What the model changed

  • Grant office headcount expanded (one additional pre-award officer at $145,000 loaded) as the highest-leverage NPV lever — the simulated +0.05 renewal probability improvement is worth ~$3M in mean NPV terms.
  • Mental-health-digital allocation cut from 10% to 6% of indirect spend; the freed capacity reallocated to oncology imaging and rare-disease genomics in a 1:1 ratio, lifting mean NPV by roughly $10M while the breakeven probability holds near ~30%.
  • Five-year translation milestones added for each theme; themes failing to hit milestones on schedule are reviewed for closure rather than maintained at flat funding.
  • Trustee reporting restructured to include the simulated P10/P50/P90 alongside the deterministic mean, and the P(NPV > 0) metric is now the headline number on the quarterly report.
  • License-revenue-sharing model with PIs restructured to reflect the LogNormal nature of the upside — flat percentages were replaced with tiered shares that pay more at the tail, aligning incentives with the actual distribution.

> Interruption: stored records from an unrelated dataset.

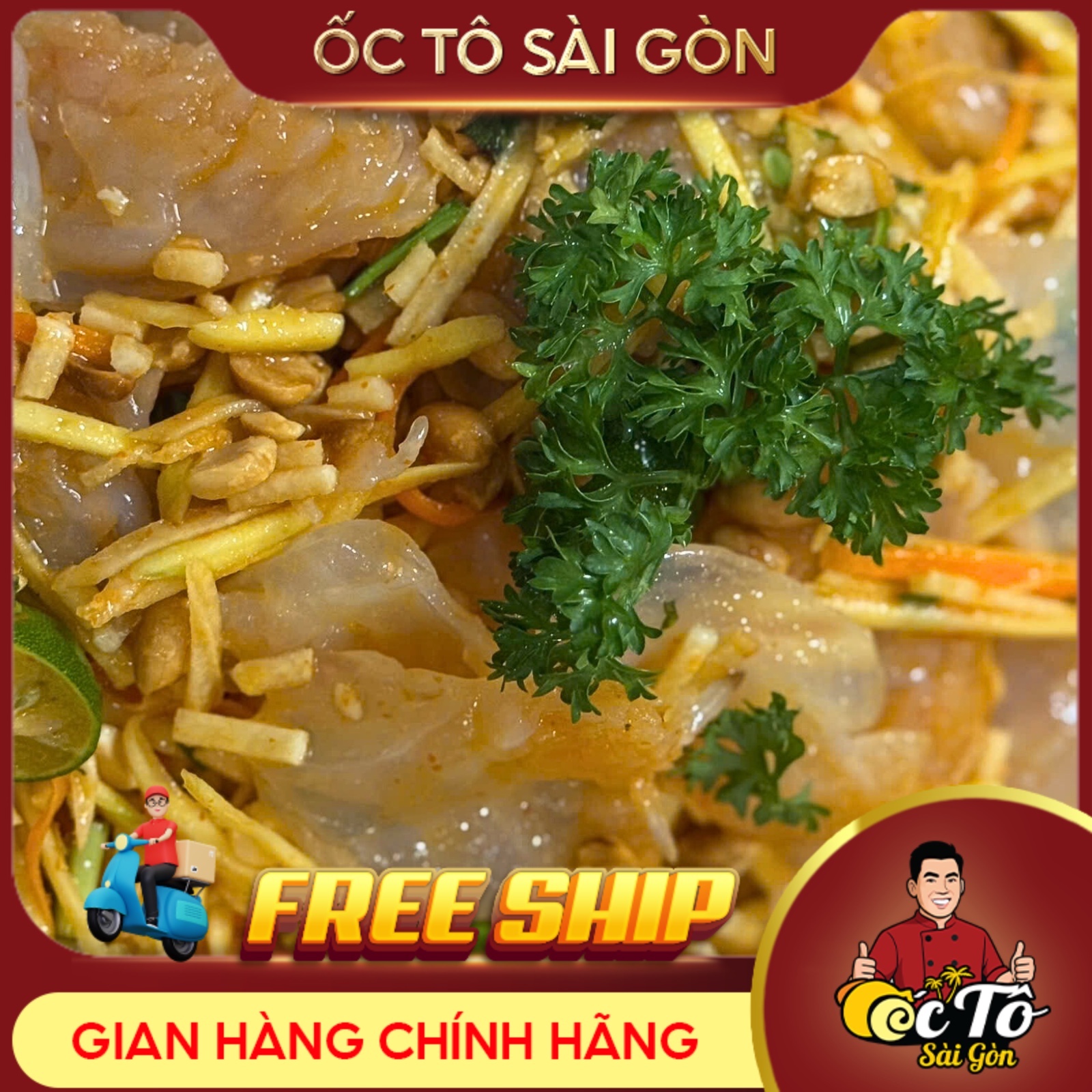 Gỏi sứa Sài Gòn giòn sần sật, hòa quyện vị chua cay mặn ngọt hấp dẫn. Món khai vị thanh mát, bổ dưỡng, cực hút khách tại Ốc Tô Sài Gòn.
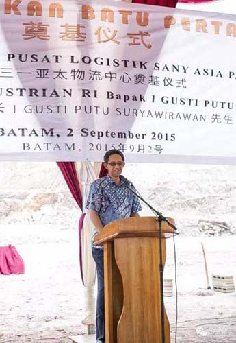 印尼工業(yè)部重工司司長布都、印尼巴淡島市長阿哈默德、巴淡島特許機(jī)構(gòu)負(fù)責(zé)人穆斯托法等6名政府官員出席了當(dāng)天的項(xiàng)目奠基儀式。布都感謝三一在巴淡島的投資,他希望該物流中心的建立,不僅能滿足印尼國內(nèi)的需求,還能通過出口為東南亞甚至全球帶來福音。同時(shí),他還希望三一能帶動更多的商業(yè)伙伴到印尼投資,共謀發(fā)展。
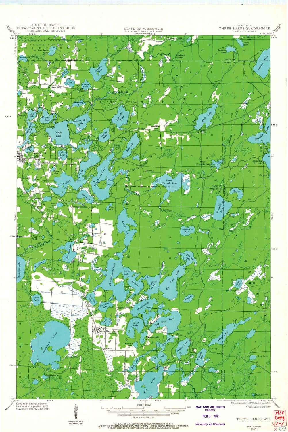 Amazon Com Yellowmaps Three Lakes Wi Topo Map 1 48000 Scale 15 X 15 Minute Historical 1938 Updated 1964 27 06 X 18 07 In Paper Sports Outdoors
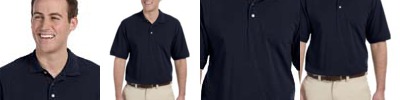 6.3 oz./yd2 / 215 gsm, 100% combed cotton pique with EZ Cool wicking technology; no-pill, no-fade, no-shrink, no-curl collar, no-wrinkle performance; Active fit; Matching flat-knit collar; Two-button placket;
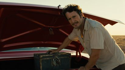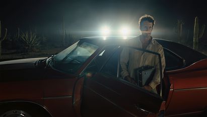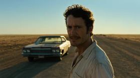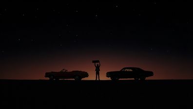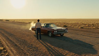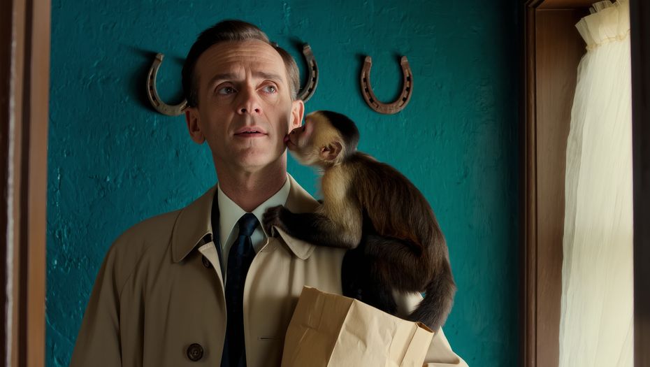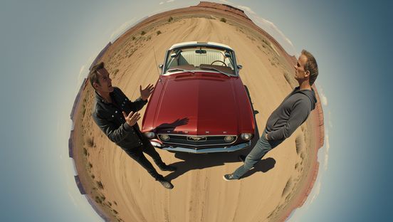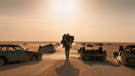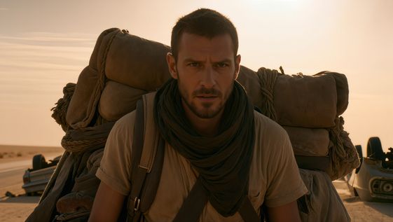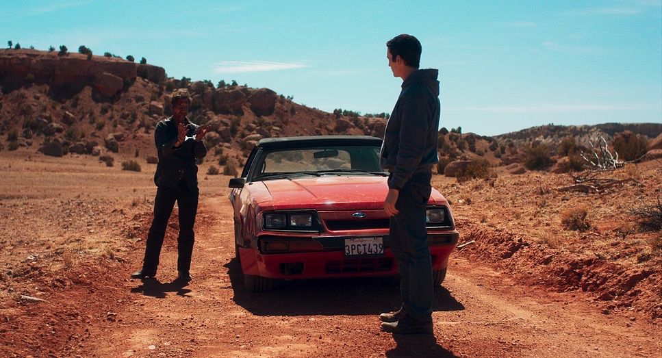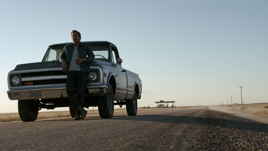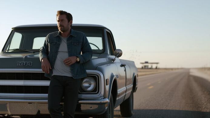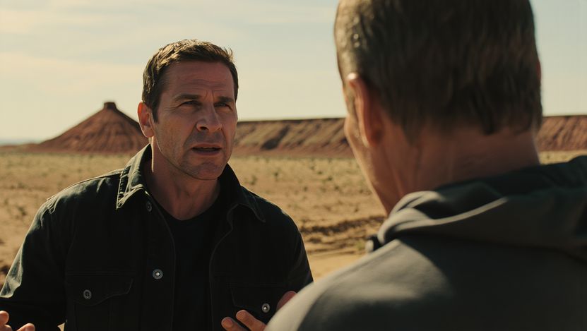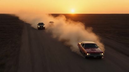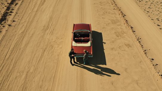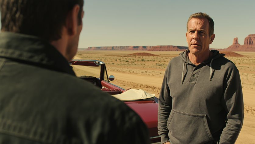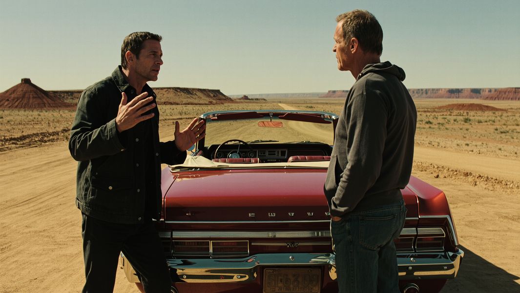 prompt: The image features two men and a red convertible, styled in a western crime film manner. The man on the left wears a black jacket and pants, with a relaxed posture; the man on the right is in a dark gray hoodie and jeans, with a tense stance. The red Ford convertible has a vintage look, fitting the desert standoff vibe. The two men face each other on opposite sides of the car, with the left man raising his hands in a deceptive gesture, and the right man with hands in his pockets, slightly turned in vigilance. The setting is a desert with red-brown rock hills, sparse vegetation, and a pale blue sky. The lighting is strong midday sunlight, creating sharp contrasts and shadows on the men, car, and ground, emphasizing texture and a sense of tension. The composition centers the car, with the men on either side, framed by desert hills in the background. The color scheme contrasts vibrant red with subdued desert tones, enhancing the crime film's tense mood. The shot is at eye level, with a medium depth of field, clearly capturing details of the men and car, while the distant hills blur naturally. The film quality has a cinematic grain, with sharp contrasts and subtle details, evoking a sense of tension, testing, and isolation. | |

ModelRisk Functionality Used

  • Bernoulli-per-year publication generation conditioned on grant continuity, replacing the deterministic "expected publications" point estimate with a real binomial count.
  • Beta posteriors on grant renewal (Beta(20, 8)) and translation probabilities per theme — the only defensible family for bounded rate parameters, and one that produces a tight P10 the deterministic model cannot show.
  • LogNormal license values per theme with theme-specific σ_log between 0.80 (cardiac devices) and 1.20 (rare-disease genomics), reflecting the empirical fact that successful translations cluster around modest values with a long tail of major wins.
  • Per-theme cash-flow aggregation to portfolio NPV with a 10% discount rate over the 5-year horizon and a 7-year license-to-PV adjustment, producing the roughly +$2M mean / −$112M median split that drove the trustee restructure.
  • Tornado on portfolio NPV identifying the grant office as the highest-leverage lever, ahead of any portfolio rebalance — a counter-intuitive finding the deterministic model could not have surfaced.
  • Scenario CDF comparison of three rebalance options under common random numbers, isolating reallocation effect from sampling noise.

A research-portfolio NPV that reports its mean and stops is a portfolio reporting its tail dressed up as its centre. Monte Carlo simulation in ModelRisk is what lets the research office answer the question its trustees actually ask — not "what is the expected return?" but "what is the probability we are underwater, and what is the cheapest lever to move that number?"